*WHAT TO PRODUCE*.
When copying the data below, keep only the lines from the one with "Pipe Marker, Pipe Marker Mounting" through the one with "OSTOYA-DataSystem sp. z", word for word, and skip the pictures.
***
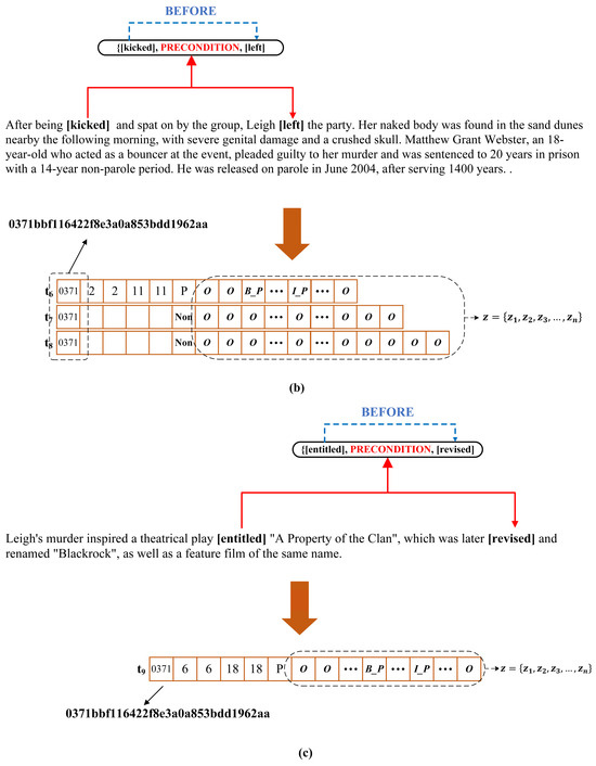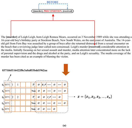 When extracting causal events involving temporal relations, we adopt a joint extraction approach. We define the sentences in the same document as . In ECRE, each token is assigned a causal label . The label “O” represents other event entities. CAUSE is defined as “the tail event is inevitable given the head event,” while PRECONDITION is defined as “the tail event would not have happened if the head event had not happened” [57]. The label “B_C” indicates the beginning of a CAUSE, and “I_C” represents the continuation of a CAUSE. Similarly, the label “B_P” marks the beginning of a PRECONDITION, while “I_P” represents the continuation of a PRECONDITION. Likewise, in event–event temporal relation extraction, each token is assigned a temporal label . The label “O” represents other entities, “B_BEFORE” indicates that the event occurred earlier, and “I_BEFORE” indicates that the event occurred later.
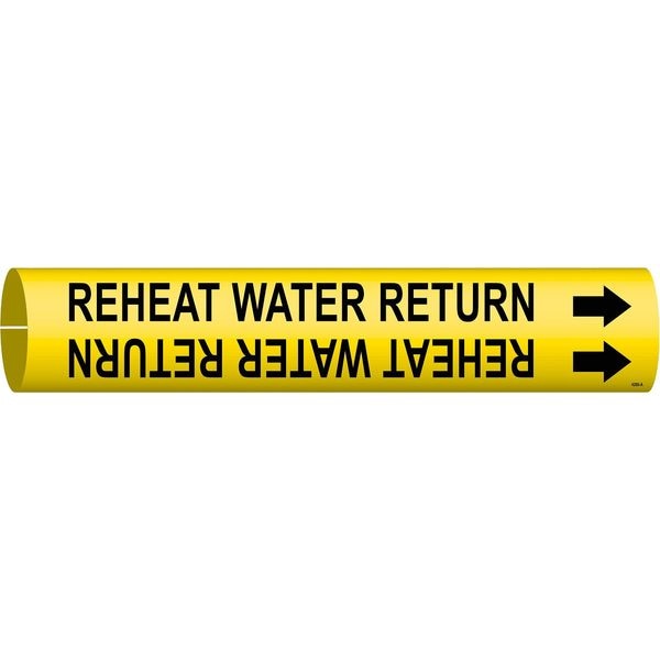 Pipe Marker, Pipe Marker Mounting Style Snap-On Pipe Marker, Pipe Marker Legend Reheat Water Return, Legend Text Color Black, Character Height 1/2 in, Background Color Yellow, With or Without Arrows With
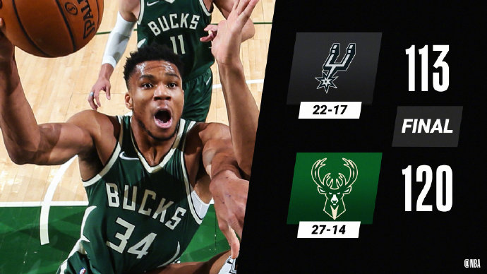 雄鹿:字母哥26分8板15助、米德尔顿23分5板、霍勒迪21分5板、迪温岑作12分13板、洛佩兹11分4板、康诺顿11分、福布斯10分、波蒂斯6分
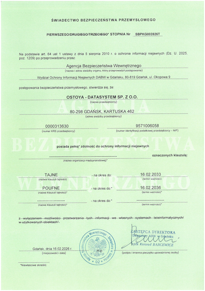 OSTOYA-DataSystem sp. z o.o. to firma z niemal trzydziestoletniem doświadczeniem w zakresie elektronicznych systemów bezpieczeństwa obiektów przemysłowych, specjalnych oraz użytkowych. Zapewniamy bezpieczeństwo ludzi, procesów, informacji i innych zasobów organizacji
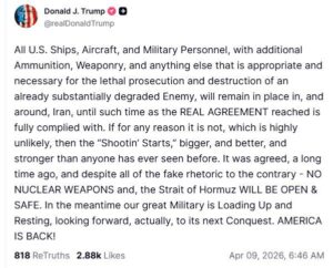 «Αν για οποιονδήποτε λόγο δεν το κάνει, που είναι πολύ απίθανο, τότε αρχίζει ξανά το πυρ, μεγαλύτερο, καλύτερο και δυνατότερο από ό,τι έχει δει κανείς ποτέ στο παρελθόν. Συμφωνήθηκε, πολύ καιρό πριν και παρά όλη την ψευδή ρητορική για το αντίθετο – ΟΧΙ ΠΥΡΗΝΙΚΑ ΟΠΛΑ και τα Στενά του Ορμούζ θα είναι ανοιχτά και ασφαλή. Στο μεταξύ οι θαυμαστές ένοπλες δυνάμεις μας ετοιμάζονται και ξεκουράζονται, ανυπομονώντας, για την ακρίβεια, για την επόμενη κατάκτησή τους. Η ΑΜΕΡΙΚΗ ΕΠΕΣΤΡΕΨΕ!».
***
*ANSWER SPACE*.
 Pipe Marker, Pipe Marker Mounting Style Snap-On Pipe Marker, Pipe Marker Legend Reheat Water Return, Legend Text Color Black, Character Height 1/2 in, Background Color Yellow, With or Without Arrows With
 雄鹿:字母哥26分8板15助、米德尔顿23分5板、霍勒迪21分5板、迪温岑作12分13板、洛佩兹11分4板、康诺顿11分、福布斯10分、波蒂斯6分
 OSTOYA-DataSystem sp. z o.o. to firma z niemal trzydziestoletniem doświadczeniem w zakresie elektronicznych systemów bezpieczeństwa obiektów przemysłowych, specjalnych oraz użytkowych. Zapewniamy bezpieczeństwo ludzi, procesów, informacji i innych zasobów organizacji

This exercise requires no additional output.